Page MenuHomePhabricator

WDQS: Automatically kill queries > 60s
Closed, DeclinedPublic

Description

Per last week's conversation with @dcausse , the timeout for WDQS is 60s. That means any query that doesn't finish in 60s will never reach the client. As such, there's no point in allowing it to continue.

Creating this ticket to:

  • Validate that this is actually safe (what about workloads that add triples? Would if we kill these queries will we lose that data? And if so, do we care?)
  • Create automation that kills queries that run for > 60s.
  • Verify operation

Event Timeline

I've been looking at queries over 60s data on our end to understand user behaviour. I noticed a lot of queries go over the strictly 60000 limit but the exact query time hovers around 60000+5/10 max and only some (ca. 1000 queries) go way above.

Firstly, how come there's queries that hover around the slightly over 60s mark? Because the timeout isn't actually exactly 60s?

How can I find queries that truly were successful and the user did not see the timeout? I'm trying to find out how many external users (if any) might have "special" privileges. Is it just being assigned a 200 instead of a 500 http status? Is there any criteria for being allowed to run queries that go so much over the limit?

Thank you for indulging my questions! Much appreciated

A few random points:

  • We don't have a way to reliably kill queries in Blazegraph. There is an endpoint to kill individual queries, but in quite a few cases, it doesn't actually work (or at least not in the way you would expect)
  • Timeouts are weird and complex. We might be implementing read timeouts and not request length timeouts. If we still see some data being exchanged, that resets the timeout to zero. In some cases, Blazegraph is able to stream results before the end of the computation, and that might lead to overall query length being longer than the read timeout.
  • We also have timeouts implemented at a number of different layers (Blazegraph, nginx, envoy, haproxy, ats, ...) all with potentially slightly different semantics and configurations.

Ah wow okay, that helps give me more context. Would you have recommendations then, what might be a good enough heuristic to look for queries that time out?

I think that the only reliable way to detect timeouts is to parse the response body. And even then, it's probably not trivial.

Your heuristic of anything > 60 second overall query time is good! Anything > 59 seconds is probably better. At least this would track with the intent of our timeouts, if not with the actual implementation.

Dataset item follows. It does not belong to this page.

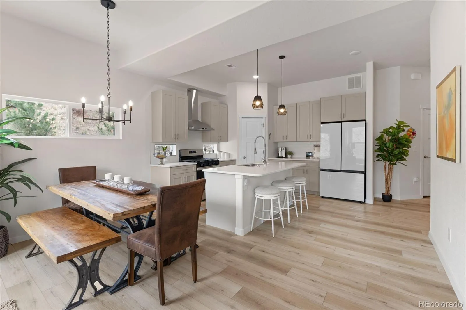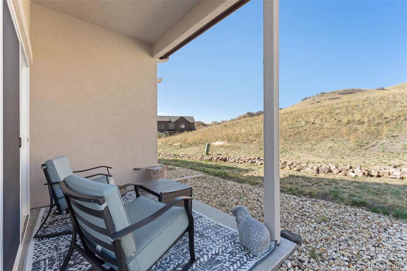 Discover the peace and privacy you’ve been searching for in this stunning end-unit townhome, perfectly positioned on the best lot in the community, backing directly to protected open space with no neighbors behind you and sweeping views of Colorado’s natural beauty. Nestled in the scenic West Side foothills of Colorado Springs, this 3-bedroom, 2.5-bath residence offers 1,805 square feet of thoughtfully upgraded, light-filled living where the mountains feel like your backyard. Soaring vaulted ceilings, expansive windows, and luxury vinyl plank flooring create a warm, airy ambiance throughout. The open-concept main level features a chef-inspired kitchen with upgraded shaker cabinetry, quartz countertops, a corner pantry, and a large island with seating. Stainless steel appliances including a gas range complete the space. Unwind by the custom gas-log fireplace, or step onto your covered back patio, with a gas line for grilling, where wildlife and the quiet of permanent open space greet you daily. Hit the trails from your back door, with Ute Valley Park and Garden of the Gods just minutes away. Upstairs, the luxurious primary suite features a tray ceiling, dual walk-in closets, and a spa-inspired ensuite with dual vanities and an oversized walk-in shower. Two additional bedrooms, a full bath, and upper-level laundry complete the floor. Loaded with premium upgrades, custom privacy blinds, and luxury features, this meticulously maintained home is move-in ready. HOA covers lawn care, exterior insurance, roof, trash, and snow removal for effortless lock-and-leave living. End unit. Protected open space. Unmatched privacy. This is the one.

I would expect a data analyst to tell us how good this heuristic is, maybe by looking at a sample of individual queries to see if we can categorize them reliably between timed out or not timed out. And I would also expect an analyst to tell us how we can improve this heuristic! I'm not trying to avoid responsibility here, I'm just trying to be explicit that this is a behaviour that we don't entirely understand about our system and that external insight is probably better than our current understanding.

Ah wow okay, that helps give me more context. Would you have recommendations then, what might be a good enough heuristic to look for queries that time out?

You should look at the raw query logs in event.wdqs_external_sparql_query, and filter records with a status code 500 and query_time` > 60 sec. That's still an approximation, since blazegraph
does not return a dedicated status code for timeouts.

However, when a query time outs balzegraph logs a java.util.concurrent.TimeoutException. Searching for instances of java.util.concurrent.TimeoutException in logstash should give you more precision. Devs on your team should have access.

This is strictly for queries that timed out by the database.
As @Gehel pointed out, we might still have other sources of timeouts. E.g. nginx not receiving *any* response from the database and retuning. This usually happens in balzegraph failure scenarios.

You should look at the raw query logs in event.wdqs_external_sparql_query, and filter records with a status code 500 and query_time` > 60 sec. That's still an approximation, since blazegraph does not return a dedicated status code for timeouts.

Yeah this is what I've done in the past!

But, I'll give it a shot with looking at the specific error in logstash and to @Gehel no issue at all! I appreciate your input, I'll also go gather insights from data analysts and see what we can come up with.

Thanks both

BTracy-WMF triaged this task as Medium priority.Dec 3 2025, 8:54 PM
BTracy-WMF moved this task from Incoming to Analysis on the Wikidata-Query-Service board.

Let's not spend time in improving Blazegraph operations, we're movign to a different backend. It is unlikely that we can have a robust implementation of killing queries on Balzegraph anyway.